Make shutdown command require the node to be local (unless --no-wait is provided) #309

hairyhum · 2019-02-01T16:50:22Z

Shutdown waits for the node to stop based on OS pid,
if the node is not local, the pid file won't be local and will never exist.

[#142699795]

It's not that easy to autotest this feature, because it requires a node on a different host.

Shutdown waits for the node to stop based on OS pid, if the node is not local, it will be the wrong pid. [#142699795]

michaelklishin · 2019-02-03T15:39:08Z

I've moved the check to a validator.

michaelklishin · 2019-02-03T15:41:37Z

Let's double check if the BOSH release may be using this in a non-local scenario under any circumstances since it technically does work (the node will stop), even though not really as expected (the command won't wait for shutdown since there never will be a local pid file).

michaelklishin · 2019-02-03T15:47:56Z

@gerhard FYI.

Add --[no-]wait (enabled by default) for those who would prefer to use it to shut down remote nodes even though it wouldn't wait for a verified node termination. Propagate --timeout to calls. References #309.

michaelklishin · 2019-02-03T17:42:59Z

I introduced a new flag, --[no]-wait, that lets the user shut down remote nodes without waiting for a confirmed termination if she opts in.
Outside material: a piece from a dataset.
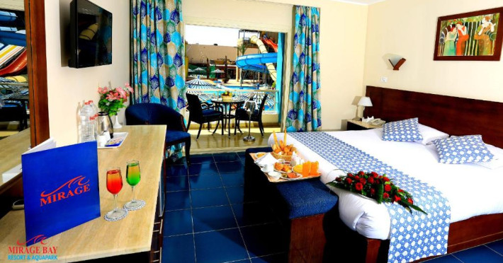 Camerele luminoase de la Mirage Bay Resort sunt decorate modern, cu o arhitectură inspirată de civilizația veche. Toate camerele au aer condiționat, iar unele camere sunt dotate cu balcon sau terasă. Toate camerele includ TV, telefon și cutie de valori.
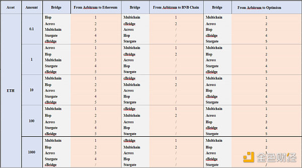 表 1 為不同數額大小的資產 ETH 從 Arbitrum 到 Ethereum、BNB Chain、Optimism 的跨鏈費用和到賬數額的情況,根據收集到的情況制作出了反映各跨鏈橋的排名情況,詳見表 2 。

Add --[no-]wait (enabled by default) for those who would prefer to use it to shut down remote nodes even though it wouldn't wait for a verified node termination. Propagate --timeout to calls. References #309. (cherry picked from commit 6d73256)

michaelklishin · 2019-02-03T18:10:19Z

Backported to v3.7.x.

References #309.

References #309. (cherry picked from commit ee74f46)
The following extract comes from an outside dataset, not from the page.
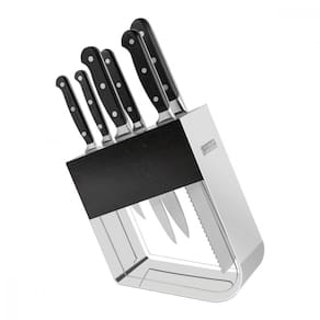 As lâminas forjadas de aço inox especial garantem um fio com maior durabilidade e precisão. As lâminas possuem tratamento térmico diferenciado, composto por têmpera, sub-zero e revenimento. E contam com dureza da lâmina de 55 e 58 HRC, que garante maior resistência do fio e precisão no corte. Os cabos de policarbonatos reforçado com fibra de vidro garante alta durabilidade, equilíbrio e segurança. Os cabos ergonômicos proporcionam maior segurança, equilíbrio e conforto na hora do corte. Suporte de acrílico com aço inox que oferece uma proteção as peças. Podem ir à máquina de lavar louças facilitando seu dia a dia. Cor: Única | Peso Produto Com Embalagem (Kg): 2.5700000000000003 | Nome do Simples no Fornecedor: Jogo de Facas Tramontina Century com Laminas em Aço Inox e Cabos de Policarbonato e Fibra de Vidro com Suporte 7 Peças | Largura Produto Com Embalagem (cm): 22.5 | Produto precisa de Montagem?: Não | Comprimento do Produto (cm): 10 | Descrição do Tamanho: 22 x 36 x 3 cm | Estado de Origem: GO | Garantia em Meses: 3 | Comprimento Produto Com Embalagem (cm): 15 | Altura do Produto com Embalagem (cm): 41 | Material para Filtro: Inox | Instruções/Cuidados: Limpar com pano seco. | Conteúdo da Embalagem: 1 Produto - 1 Volume | Largura do Produto (cm): 22 | Peso do Produto (Kg): 2.37 | Altura do Produto (cm): 36 | CORES: Prateado | ColorFamily: Prateado | ColorSimple: Prateado | MaterialFamily: Inox

gerhard · 2019-02-04T09:52:06Z

This makes sense, good catch.

I can see that cf-rabbitmq-release uses shutdown with remote nodes, this change is likely to impact them. cc @rabbitmq/rabbitmq-pcf-tile-team

rabbitmq-server-boshrelease uses shutdown with local node, no impact. cc @rabbitmq/sme

References #309.

References #309. (cherry picked from commit 72a98d8)

gerhard · 2019-03-06T13:13:43Z

We've discovered with @nodo that in cf-rabbitmq-release inet_db:gethostname/0 returns localhost for all nodes. This results in the remote node check failing, since hostname == remote_hostname is always true. Because hostnames are resolved via erl_inetrc, the OS cannot resolve RabbitMQ node hostnames - including the local one - which is why the hostname defaults to localhost on all nodes.

Should we make the remote node check account for this edge-case?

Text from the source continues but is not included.